The South African Court ruled that the former president of Zambia, Edgar Longo, who died in South Africa, should be buried in Zambia against his family’s desires.

Lungu’s burial was the subject of a two -month dispute between the Zambia government, which planned the state’s funeral in Lusaka, and his family, who wanted to bury him in South Africa.

Lungu, President of Zambia, died from 2015 to 2021, in South Africa on June 5 while receiving medical treatment.

South African Supreme Court stopped LunGu plans to bury them in Johannesburg on June 25, hours before a special ceremony began.

The Zambia government has approached the court on the pretext that Longo should be given the state’s funeral and was buried in a specific position in the Zambian capital, Lusaka, like all other presidents since independence from the United Kingdom in 1964.

The Longo family said that the late leader does not want the current president, Hakindi Hishilima – a long political competitor and behind him, at his funeral.

On Friday, Pretoria’s Supreme Court judge said that Longo’s body should “immediately” be handed over to a representative of the Zambia court system to re -burn and bury him in Lusaka.

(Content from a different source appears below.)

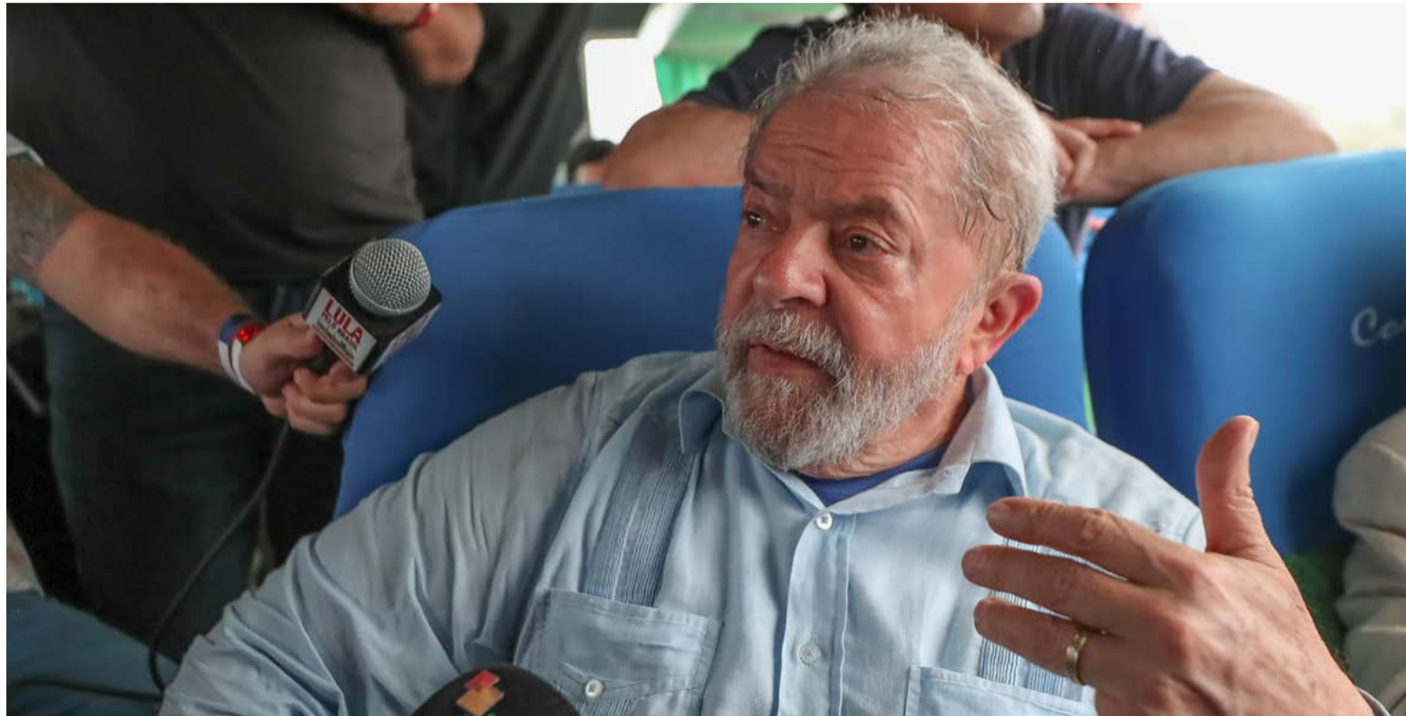
Objetivo da passagem de Lula pelo RN é reforçar o diálogo com lideranças locais visando apoio e alianças para eleições de 2022

Entre muitas visitas e reuniões, o ex-presidente deve reforçar pautas, como a retomada do desenvolvimento do Nordeste, e projetos de combate à fome. O senador petista Jean Paul Prates, que tem auxiliado Lula na montagem de sua agenda de compromissos durante esta passagem, demonstrou otimismo com a presença do político no estado. "A vinda de Lula ao Rio Grande do Norte é um aceno de esperança ao povo potiguar diante

The court said: “The president’s previous desires or the desires of his family cannot exceed the state’s right to honor this individual at the state’s funeral.”

The public prosecutor at Zambia, Mulilo Kabisha, who was in court, said the government estimated the judge’s ruling.

Longo’s sister, Batha Longo, was also in court, crying after reading the ruling.

The National National Party said that the family “submitted an appeal against the ruling.”

Lungu was elected to lead the country of copper -rich in South Africa in 2015, but he lost the elections six years later to Hichilema, from the United National Development Party.

Since then, his wife and children have been accused of corruption and possession of suspected crime revenues, while the family has claimed part of political revenge.

Lungu’s daughter, Tasila Longo, was arrested in February for money laundering, after previously arrested with her mother and sister on charges of fraud in 2024.

She faces her brother, Dalitsu, with corruption.